Is it lying or bullshit?
The psychoanalyst Wilfred Bion once said that the person who is most aware of the truth is the liar. Why? The liar must think constantly about the truth since he is trying to say its opposite. To lie effectively, he must remain constantly aware of the truth he lies about.
While lying is a clear problem today in political processes around the world, another problem is actually more pernicious and dangerous: bullshit. The philosopher Frankfurt several years ago wrote an important book, On Bullshit. In his book, he pointed out the difference between lies and bullshit. The liar is false, but the bullshitter is a phony. Whereas the liar says the opposite of the truth and remains aware of it, for the bullshitter, the truth is irrelevant. He does not say the opposite of a given truth; he doesn’t care what the truth is. In this sense, bullshit, the disregard of the truth and treating it and reality as irrelevant, is far more dangerous to a society and democracy than lies.

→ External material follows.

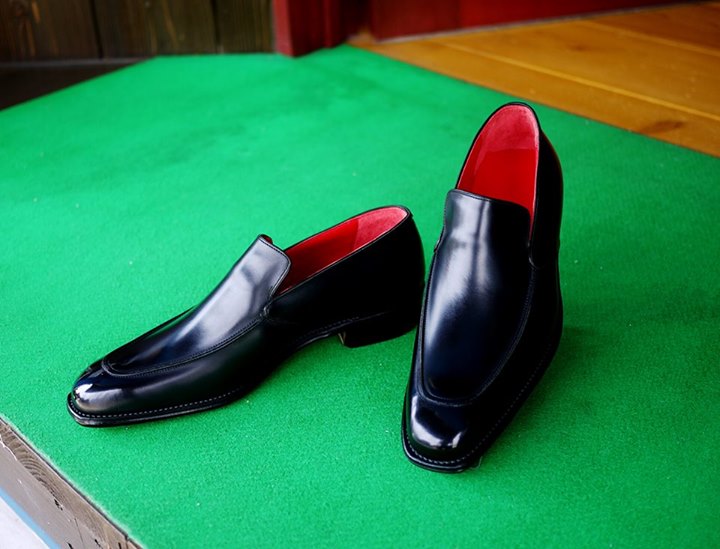 頼んでいたオーダーシューズができました♪革の種類、色、靴底、サイド、踵、靴底 等々、全て自分で選んでジャストサイズのものを創ってもらいました〜。なるべくシンプルなものが欲しかったので満足です。ポイントは中革を赤にしたことです^^以前、作った時はデザインの種類が少なく妥協しましたが、今回のお店はデザインが豊富なうえ、細かい部分もオーダーできるのでデザインを決めるのに約1時間要しました(汗)。末永く活躍してくれるでしょう♪

In therapy, if the patient consciously lies, the therapist must point this out and address the feelings and facts the patient tries to ward off through conscious lying. If this lying does not remit, the therapist has to terminate the therapy since it requires a dedication by both therapist and patient to face the truth.
Notice here that I am referring to conscious lying. All defenses are unconscious lies we tell ourselves to avoid the pain in our lives. But we don’t realize we are lying to ourselves. We don’t see the lies we tell ourselves. And that is where a therapist can help us become conscious of the lies we don’t see.
What about conscious lying in society? Researchers found last year that a significant percentage of items on both right wing and left wing sites in the U.S. were lies. Lying has become so frequent in our political discourse that the need for fact checkers has arisen. In response to this new institution, a new lie has appeared: “fact checkers are liars too.” Then we got a new lie on top of that: “facts don’t exist.” Then a further lie: “we are in a post-truth era.” Falsehoods are relabeled as “alternative facts.”
Let us not forget that claims such as “facts don’t exist” or “we are in a post-truth era” are self-contradictions. The claim that we are in a “post-truth” era is itself a truth claim. All statements are statements about the nature of reality. Thus, the attempt to deny that there is a truth is not just a philosophical claim; it is a political act. “If there is no truth, your opinions are not true, and, thus, they can be thrown away and dismissed. I no longer need to engage in dialogue with you.” But, to be clear, the claims that “facts don’t exist” or “we are in a post-truth era” are themselves lies.
When lying is constant, democracy is no longer possible. If we can no longer agree on the facts, we have no basis for the exchange of ideas that political discourse is based upon. When our opinions no longer refer to a shared body of truth, we can no longer make decisions based upon shared facts. As a result, democracies can devolve into fascism, the attempt to use violence to impose a decision since a democratic process can no longer reach one.
Why does the bullshitter treat the truth as irrelevant? If he can convince people that all other views are lies or “fake news,” he becomes the arbiter of the truth. He is not concerned with the truth, per se, he is concerned with having control over what is considered the truth. In other words, this political dictatorship over the truth is an act of violence against the truth as reality.
Ordinarily, truth and reality are considered something other than our opinions and thoughts. Our thoughts attempt to grasp reality, but reality will always be more complex than our ideas. Just as the photo of your house is not the house; our thought is never the same as the reality toward which it points.
Thus, we are always comparing our thoughts with reality so that we can refine our thinking. But this requires facing the frustration and hard work that results when we find the ways our thoughts are not matching reality. Then we have to change the way we think and perceive. And to grow in the subtlety of our thinking, our relationship to reality is essential.
In contrast, the bullshitter regards reality as irrelevant. For him, his thoughts do not point to reality because they are a substitute for it. Dialogue with others is not necessary since he already knows what he “thinks.” Reading, research, and expertise are not necessary because his thoughts are a substitute for a relationship to reality. For him, “alternative facts” replace real facts.
Now he faces the question of how to convince others that his internal reality can be a substitute for external reality. Using the knowledge gleaned from the psychological literature, the bullshitter knows that if lies and bullshit are repeated enough, that’s what we will remember. Having heard it enough, we will recall it first, and then regard it as the truth rather than a lie we swallowed multiple times.
By taking the role of the one who calls others “fake news” purveyors, the bullshitter becomes the “truth teller” who assassinates the truth. Killing off opponents as supposed “liars,” he intimidates others into silence. Over time, establishing a political dictatorship over the truth, his psychological violence on the truth paves the way for the political violence of fascism.
This pattern has played out many times in many cultures across the world. Yet no matter how many times bullshitters have claimed the truth was irrelevant, the truth keeps showing up. It is the truth they fear.